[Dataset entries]
++++
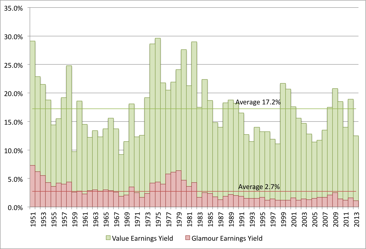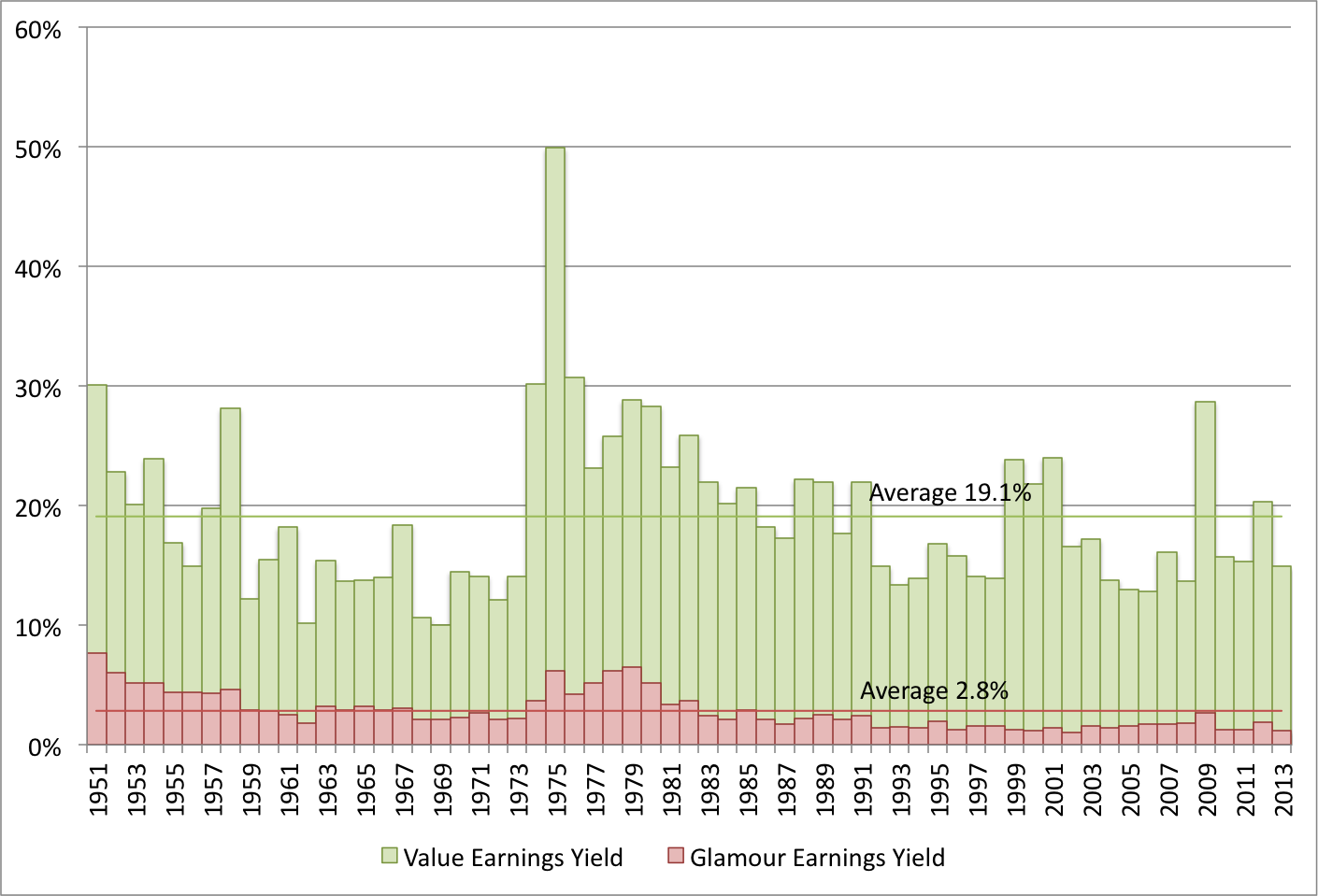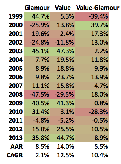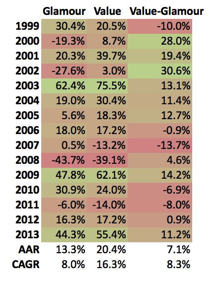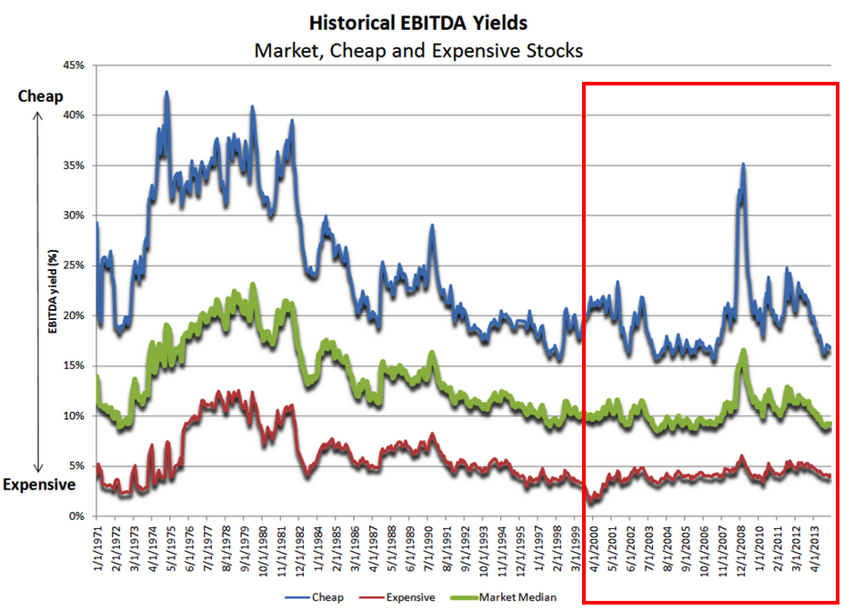 Many value investors regard the period since the beginning of 2008 as a difficult one for value strategies. After the bonanza for value in the early 2000s, when a number of value guys made their name, the going has been much tougher in the latter part of the 2000s, and early 2010s. One theory for the lower performance of value–the one to which I subscribe–is that value stocks were much cheaper in the early 2000s than they have been since because the dot com boom was mostly restricted to big, “new economy” stocks. Smaller “old economy” stocks were neglected, and unusually good value. (For more on this, see for example, this post: Implications of All-Time-High Median Valuations).
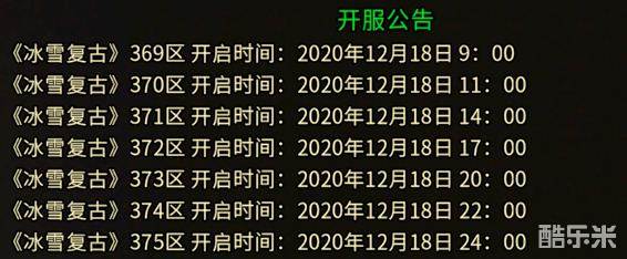 《冰雪复古》371区开启时间:2020年12月18日14:00
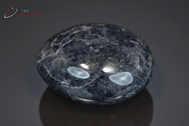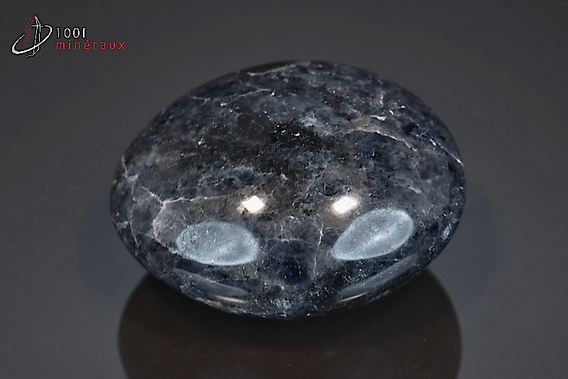 Spécimen d'une Cordiérite bleu-noir polie en galet.
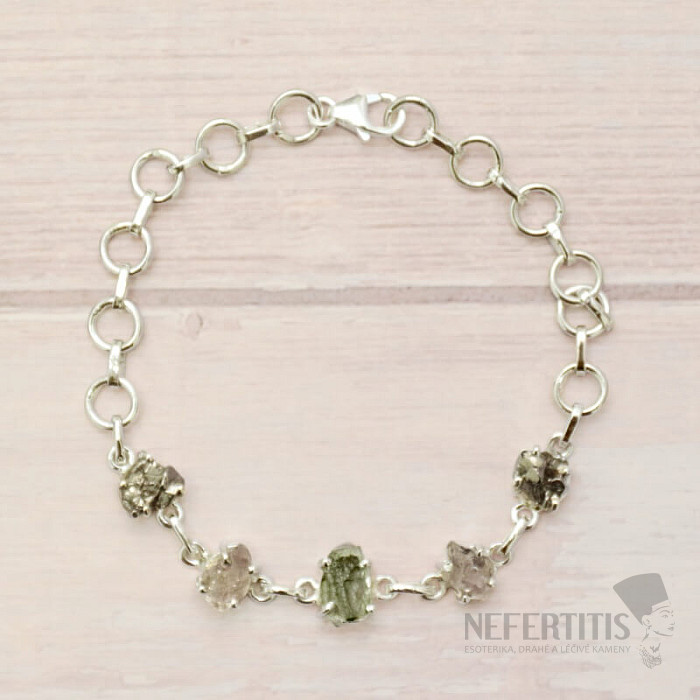 Attraktives Silberarmband mit Moldaviten, Herkimer-Diamanten und Campo del Cielo-Meteoriten. Ag 925. Sie erwerben das abgebildete Schmuckstück.
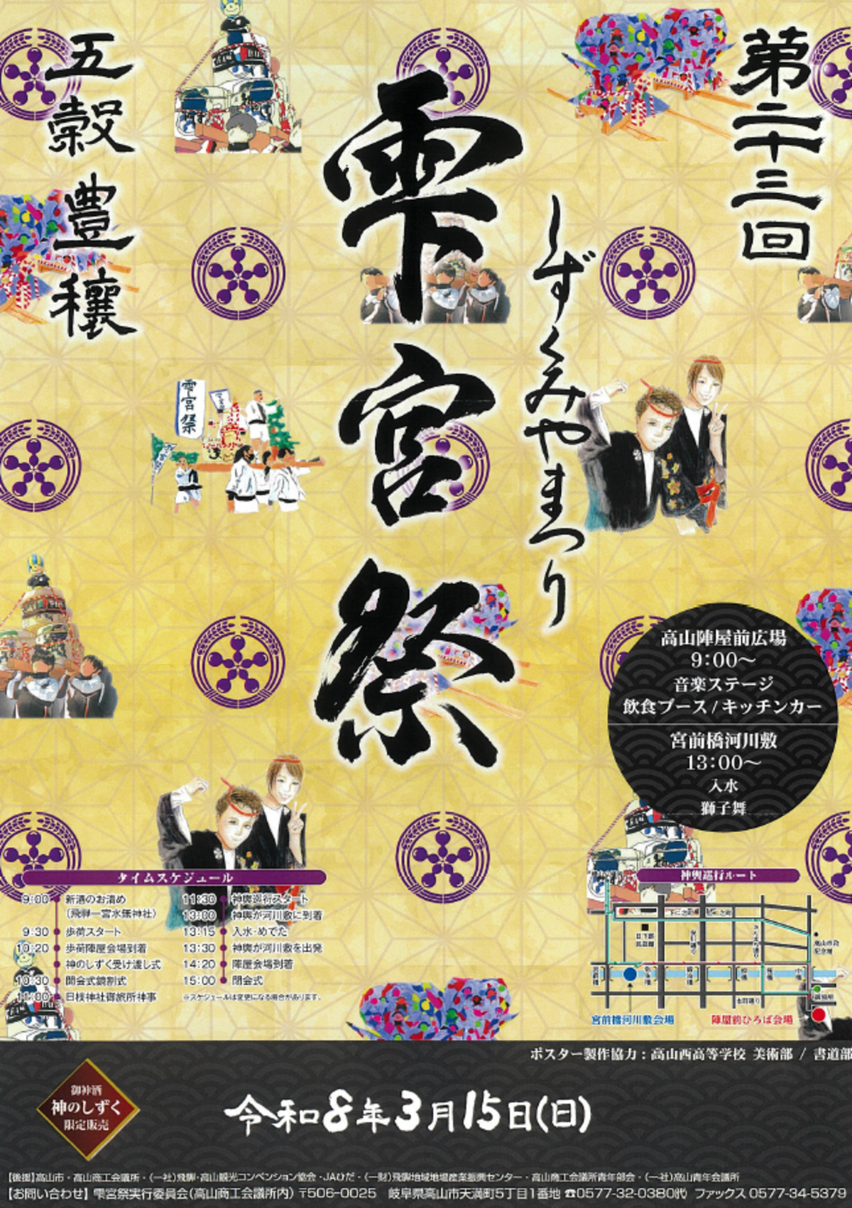 雫宮祭(しずくみやまつり)は、毎年3月15日に行われる高山の伝統行事です。
++++
■ **WHAT IS NEEDED**
The reply needs to repeat exactly the line containing "Attraktives Silberarmband mit" and each line after it, through the final line of the entries above, and to skip the pictures.

■ **TASK OUTPUT**
 Attraktives Silberarmband mit Moldaviten, Herkimer-Diamanten und Campo del Cielo-Meteoriten. Ag 925. Sie erwerben das abgebildete Schmuckstück.
 雫宮祭(しずくみやまつり)は、毎年3月15日に行われる高山の伝統行事です。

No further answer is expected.